Variables & Types (Under the hood)

This posts delves a little deeper in to variables in both Python and Kotlin.

Nobody Expects….

In many languages, the simplest variables operate like a calculator memory: A value is stored in the memory, and can be retrieved later. Python simply does not work this way, and until you realise that, some results are unexpected. Consider the following code.

>>> a = [1, 2, 3]
>>> b = a
>>> b
[1, 2, 3]
>>> b[0] = 5
>>> b
[5, 2, 3]  
# b has been changed...as expected
>>> a
[5, 2, 3]
# but a is also changed, was that expected? 

It turns out that a does not initially contain the list [1, 2, 3] the way a calculator memory holds a number, but rather ‘points to’ the list with the value [1, 2, 3] , and setting b=a results in b pointing to the same list. This means a and b are now sharing the same list. So changing the list pointed to by b is also changing the list pointed to be a. Hence, the result above.

Pointers in Python (and Kotlin)

So, as shown in the example above, variables in Python are all what is known in the language ‘c’ as pointers. The value for the variable is value at the location that is ‘pointed to’. Some operations create a new value at a new location, which then requires the variable to point to the new location. Experiments with the location are easy in Python. The function ‘id’ will give the location of any value (also know as an object, as in Python all values are objects).

>>> a = [1, 2, 3]
>>> id(a)  #find where 'a' is pointing
2298852936200
# note:  actual id value will change depending on what has run before
>>> b = a
>>> id(b)
2298852936200
>>> b is a  # 'is` compares the id() of each
True
>>> b
[1, 2, 3]
>>> b[0] = 5
>>> b is a  # are the still the same list?
True
>>> b
[5, 2, 3]  
# that data at b has been changed...as expected 
>>> id(b)  # even though b is still the same
2298852936200
>>> a  # so value at a is the same list as b still
[5, 2, 3]
>>> b = b +  [4]
>>> id(b)
2298852879880
# ok....b is now pointing to a different place, so this made a new list!
>>> b is a  # are b and a still the same? 
False 
>>> b  # does new list have the right value?
[5, 2, 3, 4]
>>> a  # a should not have been changed, still the old list
[5, 2, 3]
>>> id(a)
2298852936200 

Hopefully the above illustrates how Python variables work, and Kotlin variables behave in basically the same way, with any differences in behaviour explained later in this page.
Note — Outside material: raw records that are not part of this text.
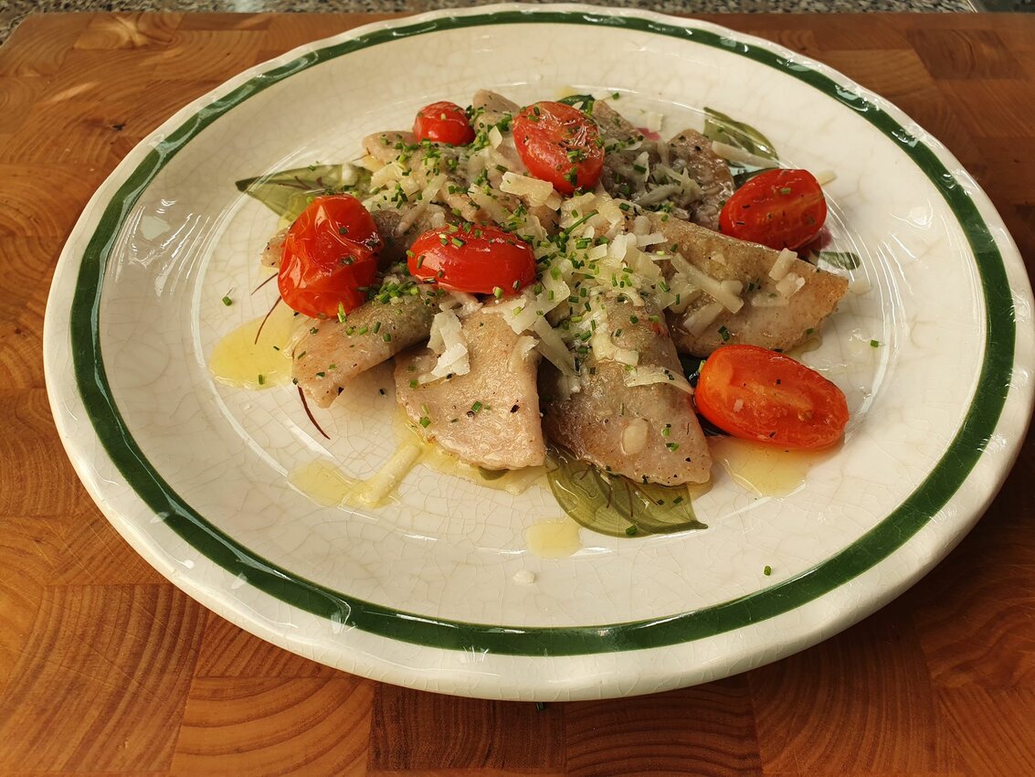 In einer großzügigen Pfanne die Schlutzkrapfen in der Hälfte des Butterschmalzes anschwitzen, aber nicht braten, sonst wir der Teig hart. Die Cherrytomaten halbieren und dazugeben.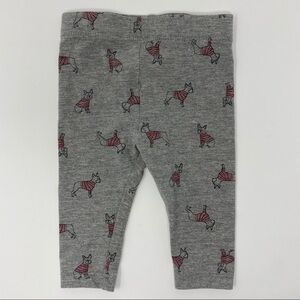 Two leggings with knit texture in light and dark grey. One pair of leggings with dog print.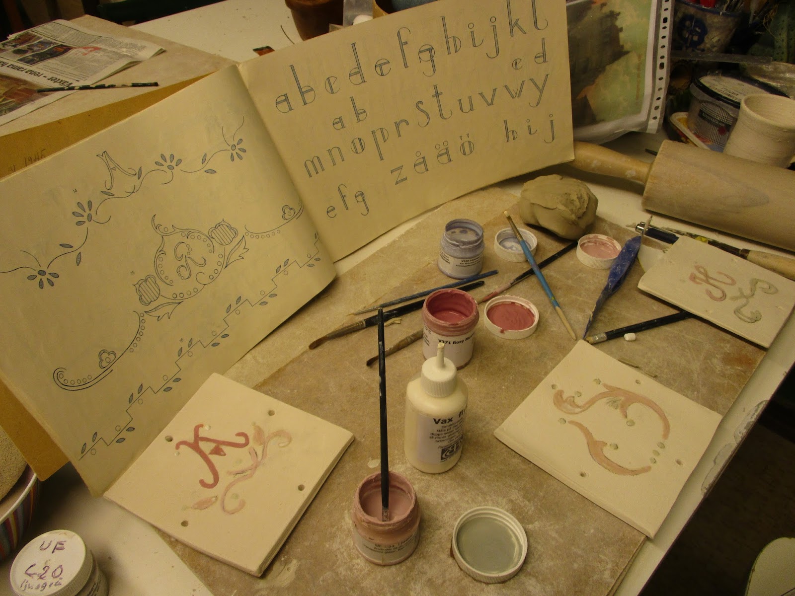 Det är verkligen som terapi att knåda lera, välja glasyrfärger och inte tänka på någonting alls.
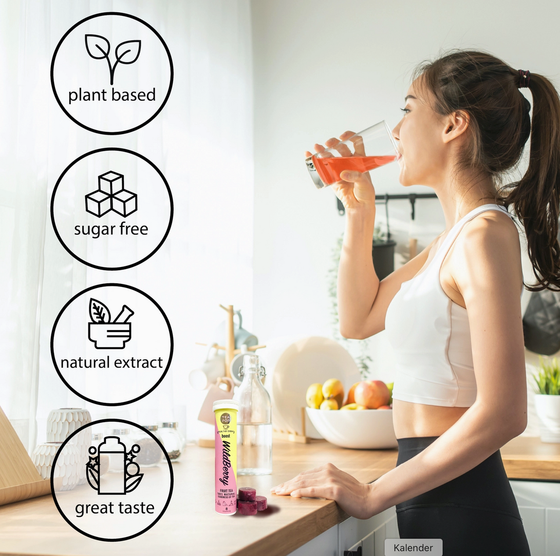 Neu, stylish und unglaublich praktisch: Der Tea-Pop am Stiel vereint die volle Kraft aus 100 % natürlichen Teeblättern, Früchten, Pflanzen und Kräutern in einer völlig neuen Form. Einfach ins Wasser geben – der Stick löst sich vollständig auf und verwandelt sich in ein intensives, fruchtiges Tee-Erlebnis.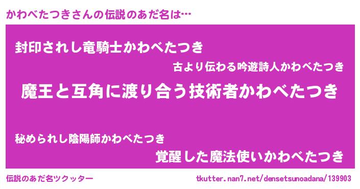 | 意味不明あだ名 | 『自称かわべたつき』 |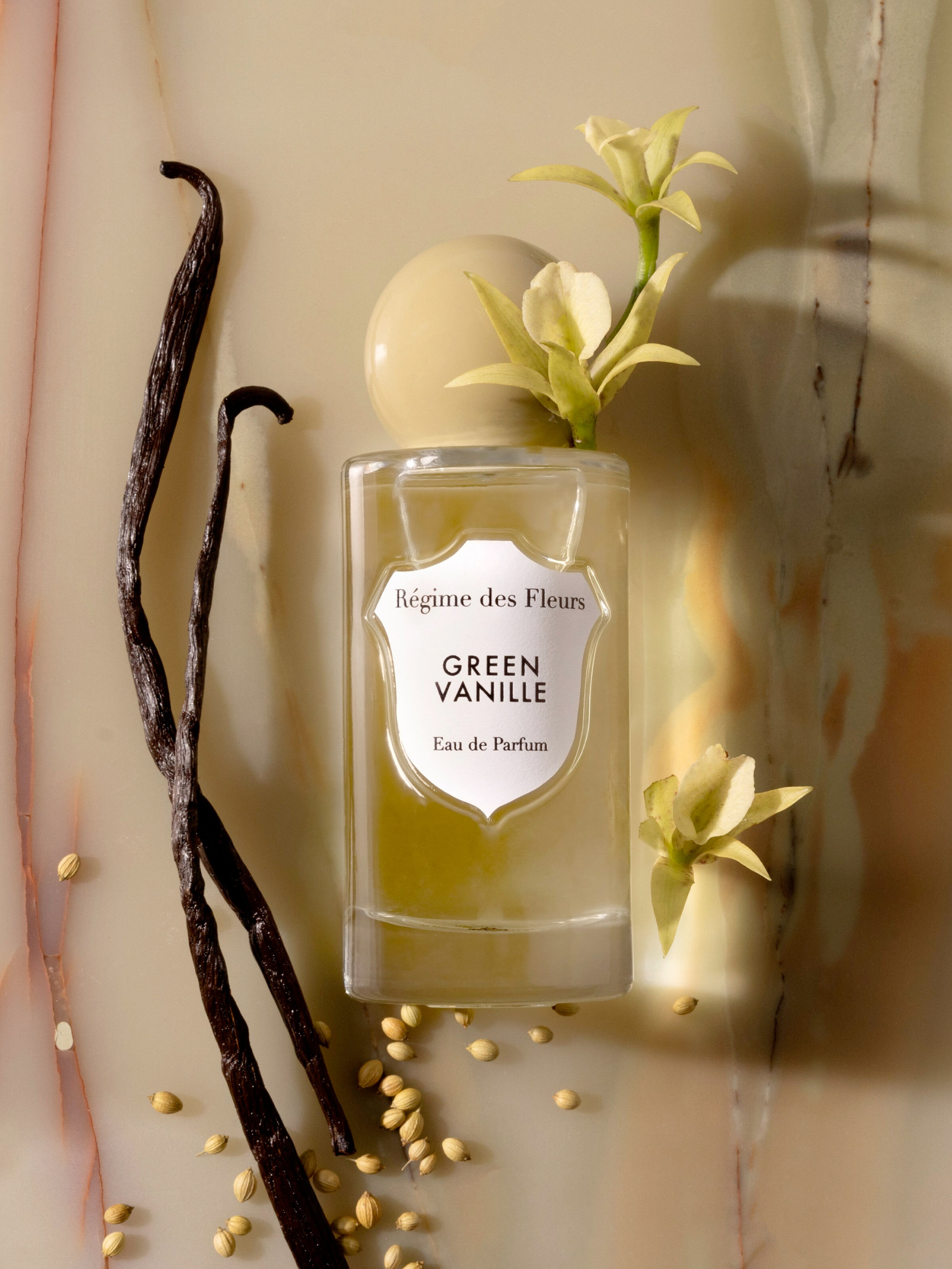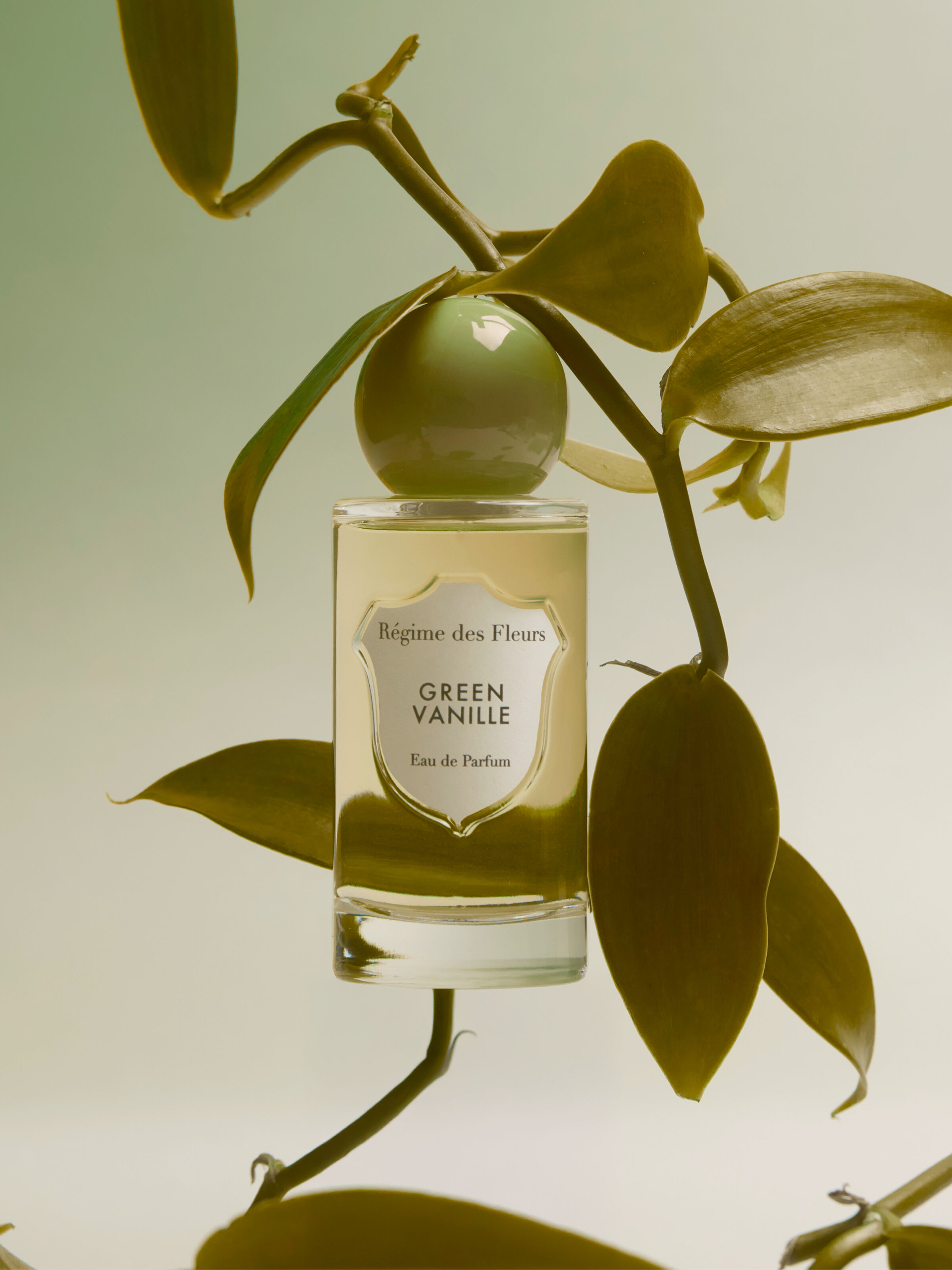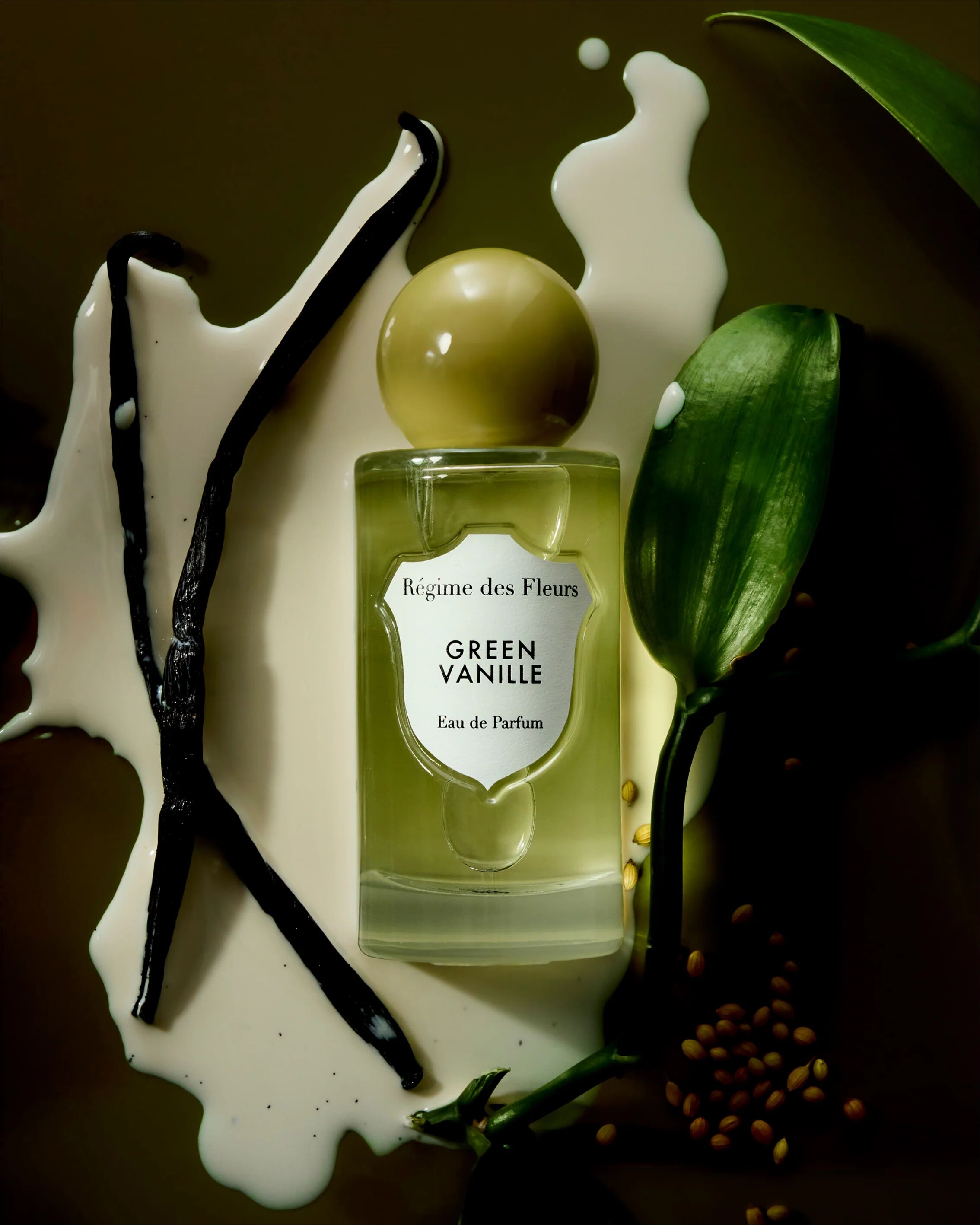 Régime des Fleurs aktualizoval vzhled své nové vůně Green Vanille z roku 2024. Vůně je vysvětlena jako netradiční, ale přirozená vanilková vůně.

The behaviour is: The variable contains the `id` of an object in memory. Some calculations can change the value at that id, but most calculations will produce a result stored in a new location, and change the id value of the variable to point to this new location. So how do we know which calculations do which of these two options? Keep reading 🙂 First the background of the next topics, then shared modifications.

Primitive Values vs Reference/Pointer Variables.
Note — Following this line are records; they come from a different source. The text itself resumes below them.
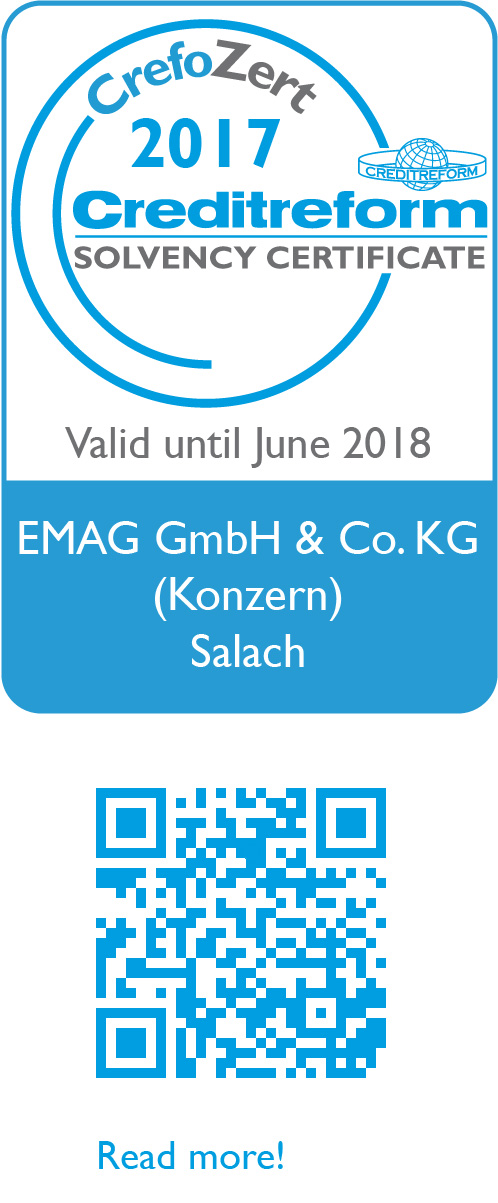 That EMAG has once again been the recipient of a Creditworthiness Certificate confirms the company’s excellent reputation and clearly shows that the EMAG Group is well prepared to withstand the challenges of the future.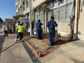 共生推進教室3年生の園芸の様子を見てきました。両高校の期末考査があったので、全員が揃うのは久しぶりです。今日は、落ち葉と米ぬかを交互に入れて、水をかけ、最後に土をかぶせる・・・という作業に取り組んでいました。発酵が進むと腐葉土になります。 校長室の前の畑での作業です。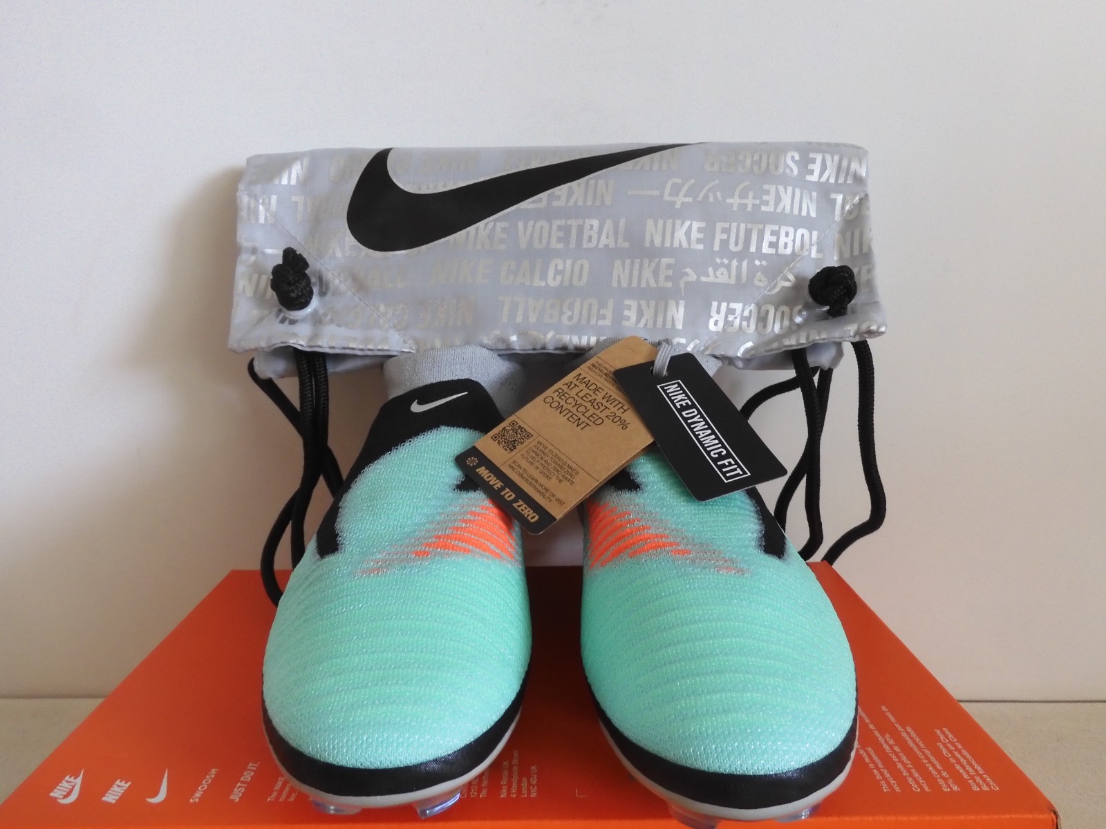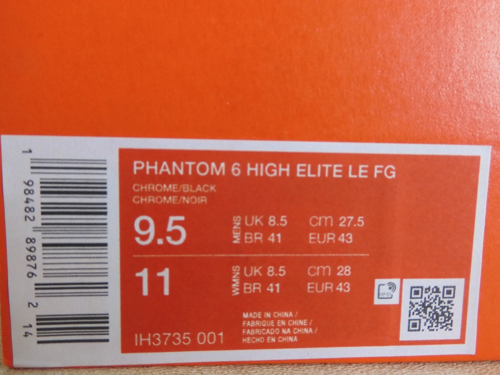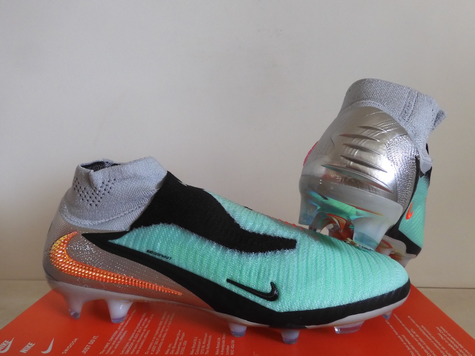 This is a pair of 100% AUTHENTIC BRAND NEW. NIKE PHANTOM 6 HIGH ELITE LE FG SOCCER CLEATS. They have a cool Chrome-Black color combination. These stylish soccer cleats offers great ball control and accuracy. Lightweight with a synthetic leather upper for comfort. Three shot shield options for better ball control and accuracy.

Primitive Types as used in Java, C, C++ etc

The concept of primitive values is simple. Allocate an area of memory to hold the value. Call the allocated area of memory a ‘variable’ and give it a name. To change the value of the variable, change the value in the memory. As each variable has its own memory, there are no side effects of changes to other variables. In Java and C, data of the basic types: Boolean (true/false), numeric values (float, integer, long integer etc), character and even character strings all work by this ‘fixed area of memory allocated to each variable’ approach.

With primitive types, the classic a = b requires copying the data from the memory allocated to b to the memory allocated to a.
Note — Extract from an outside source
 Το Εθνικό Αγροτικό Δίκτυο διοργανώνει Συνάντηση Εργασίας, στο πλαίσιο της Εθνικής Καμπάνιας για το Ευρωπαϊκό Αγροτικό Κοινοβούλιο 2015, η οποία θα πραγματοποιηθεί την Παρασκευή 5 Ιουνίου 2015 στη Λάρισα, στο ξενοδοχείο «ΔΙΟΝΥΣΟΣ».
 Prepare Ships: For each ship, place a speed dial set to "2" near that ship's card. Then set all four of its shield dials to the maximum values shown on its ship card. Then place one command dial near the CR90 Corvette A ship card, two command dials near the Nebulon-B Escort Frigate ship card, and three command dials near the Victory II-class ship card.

Reference/Pointer Variables in Java, C. C++ etc

All those ‘Primitive’ types were a fixed size for every possible value, but almost all data other than the primitive types can have the potential to change in size when the value changes. Consider a string that starts with the value “Hello” but may later change to have the value “Hello World”. Lists and dictionaries can grow dynamically. Objects values can vary in size either when the object contains values that vary in size, or even just when there may be sub classes. If a variable is declared as class ‘Shape’, then it could be set to an object of the sub-class ‘CircleShape’ which could require additional memory.

Clearly pre-allocating the memory is problematic. Either that memory must allow for the value that uses the larges possible amount of space, or the memory could overflow. The solution is to use ‘the heap’, an area of memory managed to make blocks of memory of requested size available on demand. However, this means that string that changes from “Hello” to “Hello World” will change which area of memory is used when the value changes in size. A variable, or allocated memory area for the variable, is needed just to keep of where the value is located. Fortunately, this new memory requirement is just like that of primitive values,does not need to change in size, and so ‘pointer’ can become a new ‘primitive’ variable type. The size needed by ‘pointer’ and can be fixed at the size needed to address memory computer.

Unlike with primitive values which are stored in the actual variable, these values are now stored in the ‘heap’, and the location of the value is stored as the primitive ‘pointer’ value in the area uniquely allocated to that variable.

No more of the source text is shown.